Les félins sauvages du Brésil confrontés à des maladies dues à la fragmentation de leur habitat et au contact avec des animaux domestiques

Les félins sauvages tels que le puma, l’ocelot, le jaguarondi et le jaguar font face à une situation critique au Brésil : la perte accélérée d’habitats, le trafic illégal d’animaux et la pression humaine dans différents biomes.

La fragmentation transforme les zones naturelles en « îles » déconnectées, ce qui augmente le risque de contact avec les animaux domestiques et, par conséquent, l’exposition aux maladies.

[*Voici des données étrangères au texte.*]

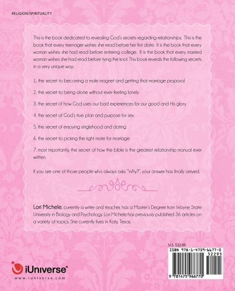 This is the book dedicated to revealing God's secrets regarding relationships. This is the book that every teenager wishes she read before her first date. It is the book that every woman wishes she had read before entering college. It is the book that every married woman wishes she had read before tying the knot. This book reveals the following secrets in a very unique way: 1, the secret to becoming a male magnet and getting that marriage proposal 2. the secret to being alone without ever feeling lonely 3. the secret of how God uses our bad experiences for our good and His glory 4. the secret of God's true plan and purpose for sex 5. the secret of enjoying singlehood and dating 6. the secret to picking the right mate for marriage 7. most importantly, the secret of how the bible is the greatest relationship manual ever written. If you are one of those people who always asks "Why?", your answer has finally arrived.
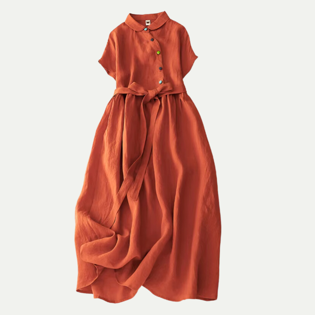 このロングドレスは、フラッタリングなシルエットとヴィンテージスタイルからインスパイアされたデザインで魅了します。快適で通気性があり、どの季節でも簡単に着用できます。繊細なボタンと丁寧な仕上げが、時代を超えた魅力を与え、古典小説にふさわしい雰囲気を醸し出します。
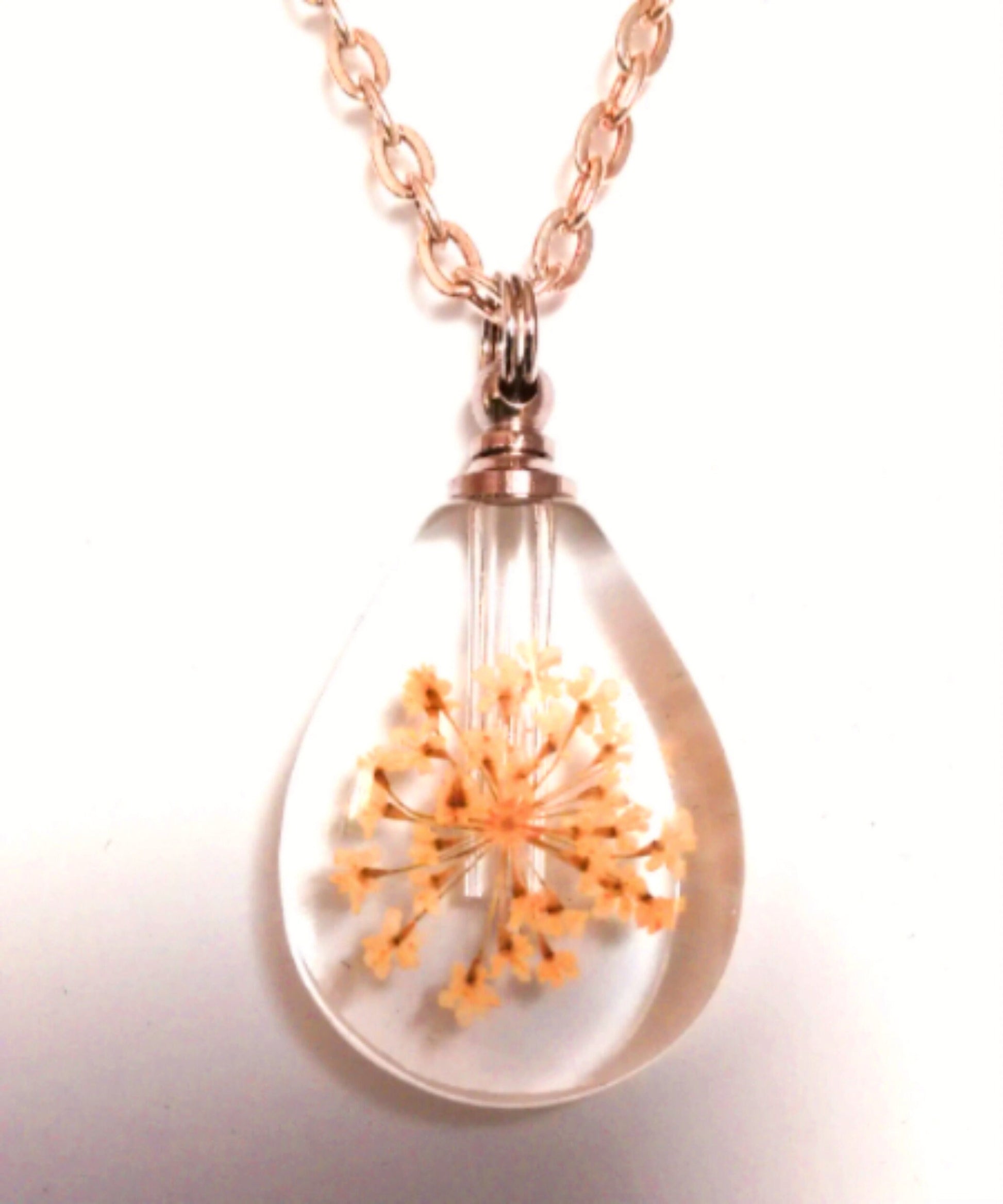 Clear Teardrop Crystal CREMATION URN NECKLACE with Embedded Dried Peach Color Flowers (each is unique) - Includes Velvet Pouch & Fill Kit

Le pont avec les chats domestiques

Le Brésil occupe la troisième place mondiale en nombre d’animaux de compagnie, avec environ 30 millions de chats domestiques. À cela s’ajoutent 10 millions de chats errants, selon l’OMS.

Ce contexte favorise l’apparition d’animaux devenus sauvages, l’hybridation avec des espèces sauvages et la propagation de maladies qui compromettent la génétique et la santé des félins sauvages.

Espèces en plus grand danger

Parmi les plus menacées se trouve le Leopardus munoai, connu sous le nom de chat des pampas. Endémique du biome de la Pampa, il fait face à de multiples menaces :

  • Prédation des oiseaux domestiques qui en fait une cible de persécution.
  • Réduction de l’habitat et collisions sur les routes.
  • Exposition aux maladies transmises par les chats et les chiens.

Sa population déjà rare est encore plus compromise par ces facteurs.

Felinos silvestres
Les félins sauvages au Brésil, comme le jaguar et le puma, font face à de grandes menaces.

Maladies détectées

Une étude de 2024 sur les félins sauvages au Brésil a identifié des risques d’exposition à :

  • Leucémie féline (FeLV).
  • Panleucopénie féline (FPV).
  • Maladie de Carré (CDV) : bien qu’elle affecte principalement les chiens, d’autres félins sont sensibles et peuvent mourir de ses symptômes.
  • Rage : bien qu’ils ne soient pas des réservoirs, les félins sauvages peuvent agir comme vecteurs et transmettre le virus aux humains et à d’autres espèces.

La présence d’anticorps contre la rage chez les jaguars du Pantanal et du Parc national des Emas confirme l’exposition dans des zones protégées de grande valeur écologique.

Nouvelles menaces émergentes

  • Sporotrichose féline : causée par le champignon Sporothrix brasiliensis, elle provoque des lésions graves et peut être mortelle sans traitement. Les cas chez les chats domestiques ont augmenté de 133% entre 2022 et 2023, selon le Ministère de la Santé.
  • Bartonella henselae : bactérie responsable de la maladie des griffes du chat (MGC). Bien qu’elle soit généralement bénigne chez les félins, elle peut être mortelle chez les humains immunodéprimés.

Mesures de prévention

Les experts s’accordent à dire que la conservation des félins sauvages dépend de :

  • Vaccination massive des chiens et des chats domestiques.
  • Protection des zones naturelles pour réduire le contact entre la faune sauvage et les animaux urbains.
  • Surveillance constante des pathogènes et études épidémiologiques permettant d’anticiper les épidémies.

Les chats sauvages du Brésil font face à une double menace : la perte d’habitat et l’exposition aux maladies transmises par les animaux domestiques.

La situation exige des politiques intégrales qui combinent conservation des biomes, contrôle sanitaire et éducation citoyenne. Sans ces mesures, des espèces comme le chat des pampas ou le jaguar pourraient voir leurs populations réduites à des niveaux irréversibles.